Are the top drivers really the best?
I am on record in believing that the impact of team finances on baseball teams’ success is wildly overstated. I am increasingly coming to believe, though, that the effect of team finances on NASCAR drivers’ success may be much greater than acknowledged, to the point of dwarfing the impact of differences in drivers’ skills.
Start with a look at the driver standings more than halfway through the 2007 season: the top ten drivers come from only four teams, all of which field at least three cars in each race: Hendrick, RoushFenway, Childress, and Gibbs. Conversely, the highest-ranking single-car team is Robby Gordon, driving for himself and currently 26th in driver points. That alone seems like a strong piece of evidence that economies of scale in engineering, pit crew training, and other areas offset material differences in driver ability; can anyone claim with a straight face that 19th-ranked JJ Yeley is a better driver than Robby Gordon?
The remaining three-car teams are either right behind the rest (DEI boasts the 11th- and 12th-ranked drivers), or suffer from team-specific problems such as Waltrip’s qualifying issues and Ginn’s failure to secure primary sponsors for two of its three cars.

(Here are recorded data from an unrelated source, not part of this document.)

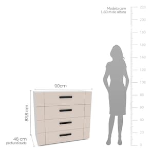 A cômoda 4 gavetas Lisboa, da Politorno Móveis, é uma opção perfeita para quem busca praticidade e elegância em um único móvel. Com 83,8 cm de altura, 90 cm de largura e 46 cm de profundidade, oferece o espaço ideal para organizar roupas e acessórios de forma eficiente. Fabricada em MDP/MDF, com acabamento em pintura UV, garante alta durabilidade e resistência. Seu design sofisticado e atemporal combina com diferentes estilos de decoração, trazendo um toque refinado ao ambiente. As gavetas contam com corrediças telescópicas para um deslizamento suave e os puxadores externos proporcionam praticidade no manuseio. Produto Montado: Sim Acabamento da Gaveta: Pintura UV Acabamento dos Pés: Polipropileno Altura dos Pés: 0,37 cm Altura Máxima dos Pés: 0.3700 Ambiente Principal: Quarto codigo_ean: 7900288111630 Complexidade da Montagem: Média: pode ser montado por mais de uma pessoa e/ou necessite de maior conhecimento para montagem Cor: Branco/Creme Cor do Produto: Branco/Creme Cor do Puxador: Preto Cor Interna: Branco Escala de Brilho: Semi-Fosco Escala de Brilho da Gaveta: Semi-Fosco Gaveta com Chave: Não Itens Inclusos: 1 Cômoda, Kit de Ferragens e Manual de Montagem. Linha ou Coleção: Lisboa Manual de Especificação Técnica: https://product-hub-prd.madeiramadeira.com.br/984328/documents/f95b54af-9e7b-4793-8557-48d06efd06942787162622417437789197603.pdf Manual de Montagem e Instalação: https://product-hub-prd.madeiramadeira.com.br/984328/documents/4f4cfd24-9435-4d02-b717-83185a2618da2787161622417437789175781.pdf Marca: Politorno Material da Gaveta: MDF/MDP Material do Fundo: MDF/MDP Material do Puxador da Gaveta: MDF Material dos Pés: Plástico Material Principal: MDF/MDP Necessita Montagem: Sim Origem do Produto: Nacional Pés Reguláveis: Não Peso: 21,02 kg Peso Máximo por Gaveta: 5 kg Possui Espelho: Não Possui Nichos: Não Possui Pés: 04 Possui Portas: Não Possui Prateleiras: Não Possui Rodízio: Não Quantidade de Gavetas: 04 Gavetas Recomendações de Uso, Manutenção e Limpeza: Utilize um pano macio umedecido com água e sabão neutro, seguido de pano seco. Não utilize produtos químicos ou abrasivos para limpeza, pois estes danificam o revestimento do móvel. Sapatas Niveladoras: Sim Sistema de Montagem: Cavilha, Parafuso, Minifix e prego Suporta Até (kg): 10 kg Tipo de Cômoda: Adulto Tipo de Corrediça da Gaveta: Metálica Telescópica Tipo de Puxador da Gaveta: Externo undefined: 984334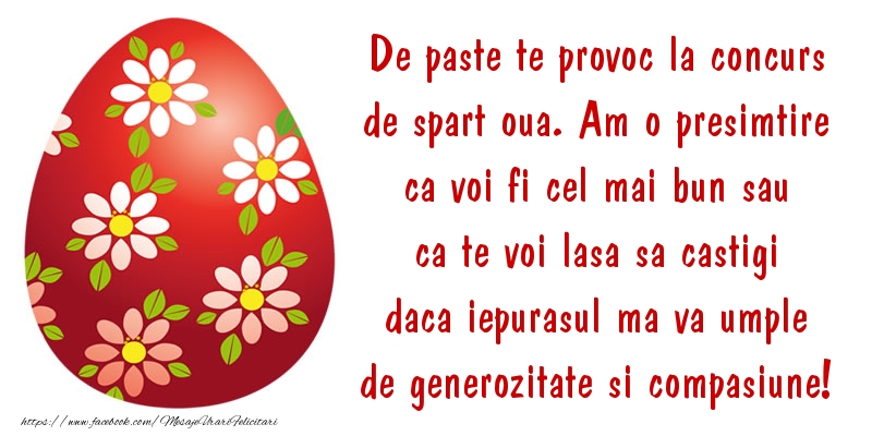 De paste te provoc la concurs de spart oua. Am o presimtire ca voi fi cel mai bun sau ca te voi lasa sa castigi daca iepurasul ma va umple de generozitate si compasiune! Ce zici? Te risti?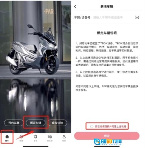 填写车架号→阅读绑定车辆说明并在下方勾选→点击【绑定】按钮

What’s more, the top-ten drivers have won 15 out of 19 races so far this season. Not shocking, since you’d expect people who win races to be high in the points standings. But look at the remaining races - all were won by drivers for teams with three or more cars as well. The trend is little better looking at top-five finishes; of 95 top-five places through 19 races, just 13 belong to drivers for teams with fewer than three cars. Perhaps this is just the acceleration of a trend that has been in place for some time; in the past 17 years, only twice - Alan Kulwicki in 1992 and Dale Jarrett in 1999 - was the Cup won by a driver for other than the four teams that currently own the top ten.
This also offers some insight into Junior’s decision to join Hendrick. If he wants maximize his chance to win a championship, his choices are limited to four teams. Roush already has too many teams (plus they drive Fords and he wanted to remain with Chevys). Driving for Childress would only put him further into his father’s shadow. So he really only had two teams to choose from.
The Car of Tomorrow was supposed to reduce the larger teams’ advantages by standardizing a lower-cost car. That may turn out to be the case in the long run, but so far Hendrick drivers have been even more dominant in COT races than in non-COT ones. I have to think that was a factor in the draconian penalties NASCAR hit Hendrick cars with for violations of non-existent specs.
In any event, if NASCAR fails to act the problem will likely grow more acute as larger teams grow more financially sophisticated. Jack Roush just sold half of his company to Fenway Sports Group for a fraction of its market value in an attempt to expand his team’s sponsorship opportunities. Ginn appears poised to merge with DEI, which would turn two underperforming three-car teams into an imposing four-car team. Evernham, the most successful team with only two cars, is nearing a deal to sell a stake to Montreal Canadiens owner George Gillett for the same strategic reasons that motivated the Roush-Fenway deal. The default future for the sport may be a bifurcated landscape, with a half-dozen teams with revenues of over $100 million competing for all the glory, and everyone else doing not much more than filling out the field.
July 30th, 2007 at 10:15 am
You address it in your initial paragraph, but I’m still extremely bemused that this concern comes directly from the mouth.. er, fingers of a Yankees fan.